Exercise prompt: Would you please repeat, word for word, only the lines from the one holding "Nintendo Switch 2" through the one holding "首を曲げた姿勢で料理をしたり勉強をする時、または長時間子供を抱いている時、" in the material below, without the pictures?

Supplied records:

————

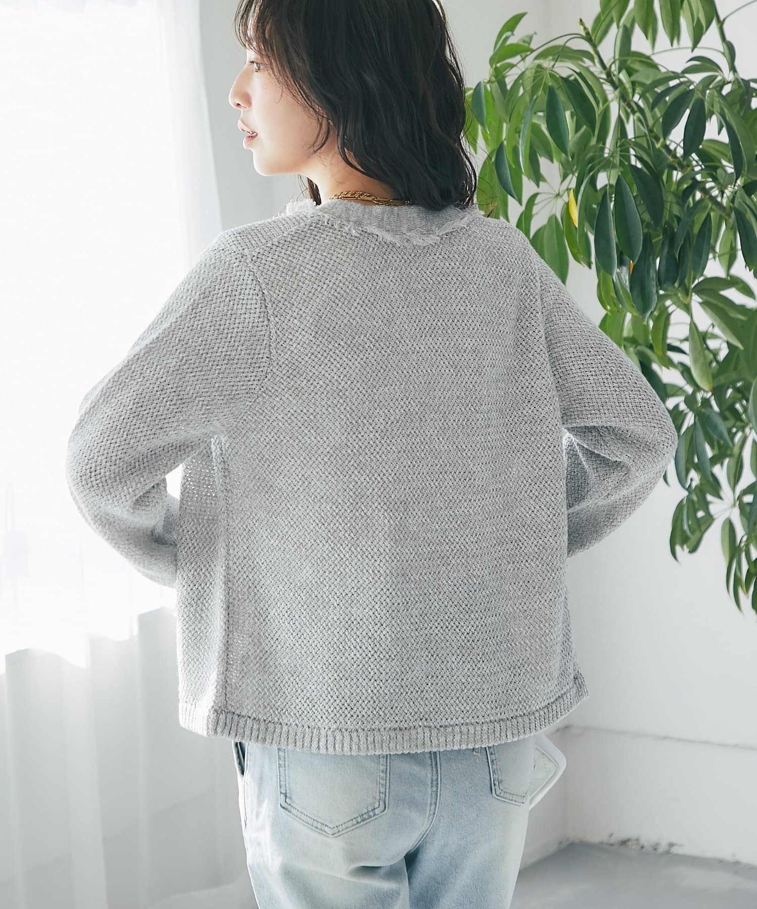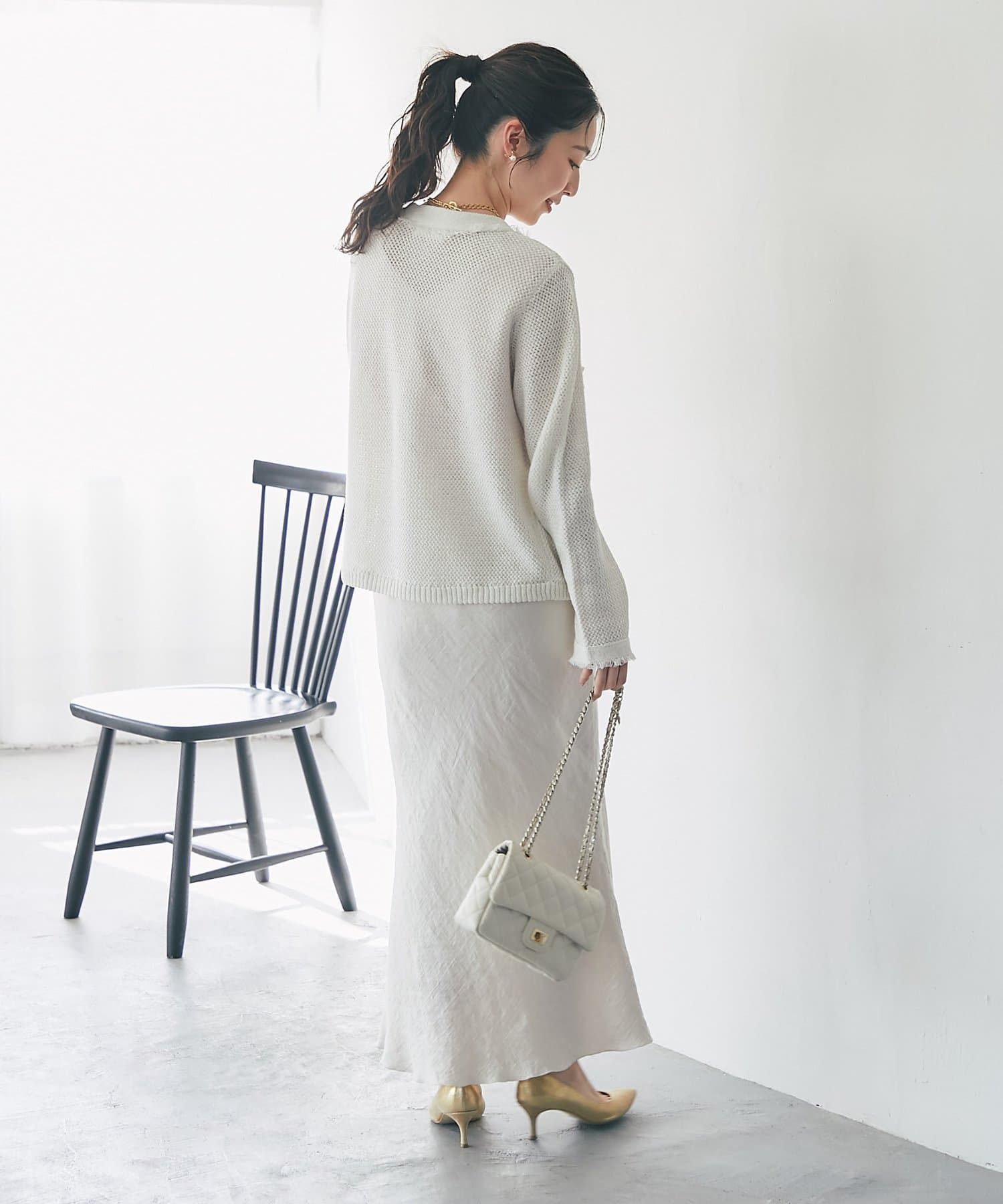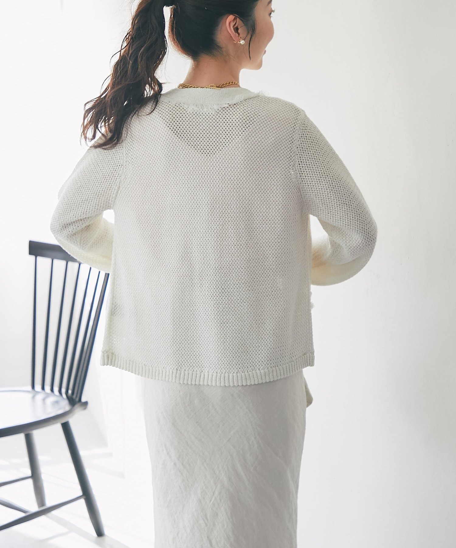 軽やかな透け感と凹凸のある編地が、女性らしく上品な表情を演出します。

————

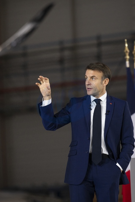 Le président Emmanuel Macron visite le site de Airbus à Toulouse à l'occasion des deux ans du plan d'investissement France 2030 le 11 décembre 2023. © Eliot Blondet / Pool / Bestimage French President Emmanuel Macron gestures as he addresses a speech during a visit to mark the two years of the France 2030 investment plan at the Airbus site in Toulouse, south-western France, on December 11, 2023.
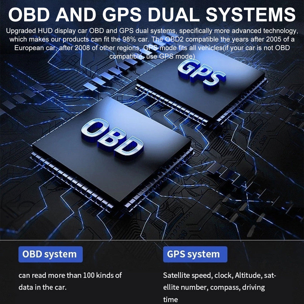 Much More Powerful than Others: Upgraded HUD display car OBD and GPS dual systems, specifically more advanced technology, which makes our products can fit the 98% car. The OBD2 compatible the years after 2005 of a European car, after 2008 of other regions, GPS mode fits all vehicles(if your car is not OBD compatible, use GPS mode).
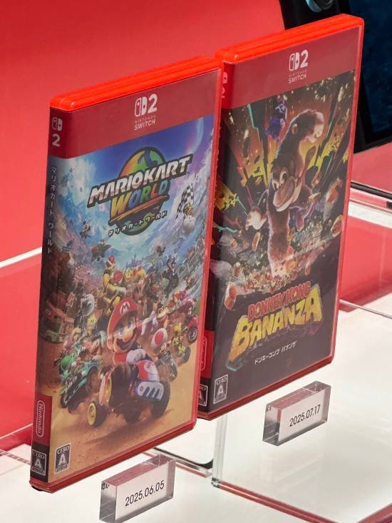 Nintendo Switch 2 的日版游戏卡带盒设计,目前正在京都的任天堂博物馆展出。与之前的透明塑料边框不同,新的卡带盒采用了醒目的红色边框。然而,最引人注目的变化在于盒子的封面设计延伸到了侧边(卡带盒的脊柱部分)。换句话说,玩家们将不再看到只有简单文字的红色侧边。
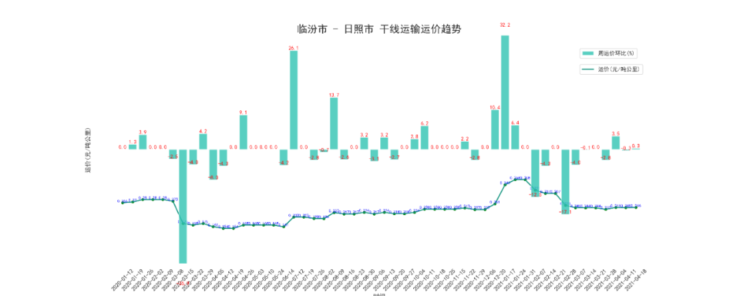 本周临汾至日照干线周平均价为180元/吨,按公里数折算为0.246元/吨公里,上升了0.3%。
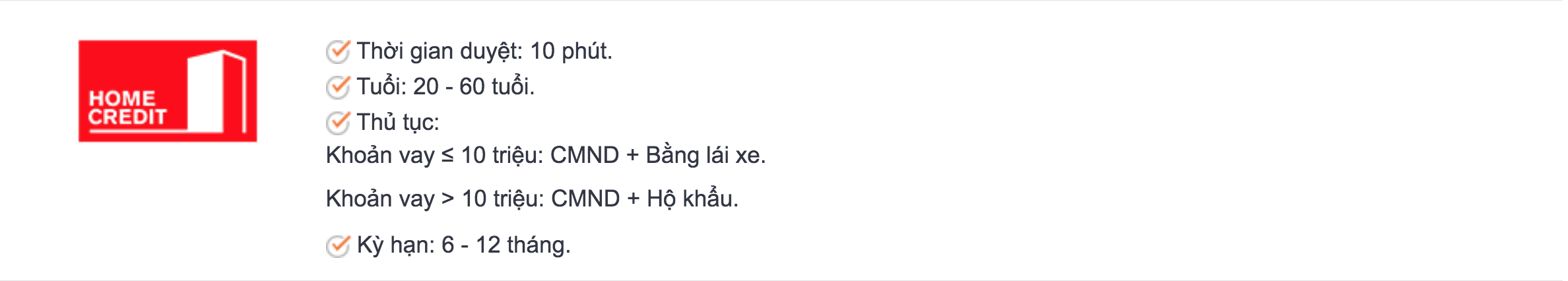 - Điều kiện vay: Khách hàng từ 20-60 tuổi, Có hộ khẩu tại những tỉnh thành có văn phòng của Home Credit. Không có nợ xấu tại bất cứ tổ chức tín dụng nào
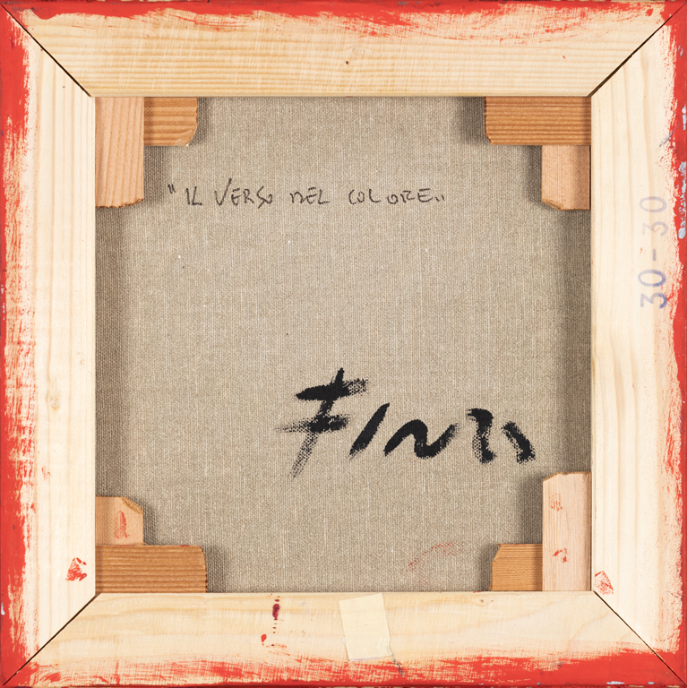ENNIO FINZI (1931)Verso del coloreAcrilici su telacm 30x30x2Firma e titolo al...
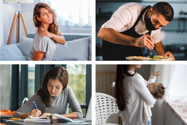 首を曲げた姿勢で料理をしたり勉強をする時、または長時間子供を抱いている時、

————

Written answer:
 Nintendo Switch 2 的日版游戏卡带盒设计,目前正在京都的任天堂博物馆展出。与之前的透明塑料边框不同,新的卡带盒采用了醒目的红色边框。然而,最引人注目的变化在于盒子的封面设计延伸到了侧边(卡带盒的脊柱部分)。换句话说,玩家们将不再看到只有简单文字的红色侧边。
 本周临汾至日照干线周平均价为180元/吨,按公里数折算为0.246元/吨公里,上升了0.3%。
 - Điều kiện vay: Khách hàng từ 20-60 tuổi, Có hộ khẩu tại những tỉnh thành có văn phòng của Home Credit. Không có nợ xấu tại bất cứ tổ chức tín dụng nào
ENNIO FINZI (1931)Verso del coloreAcrilici su telacm 30x30x2Firma e titolo al...
 首を曲げた姿勢で料理をしたり勉強をする時、または長時間子供を抱いている時、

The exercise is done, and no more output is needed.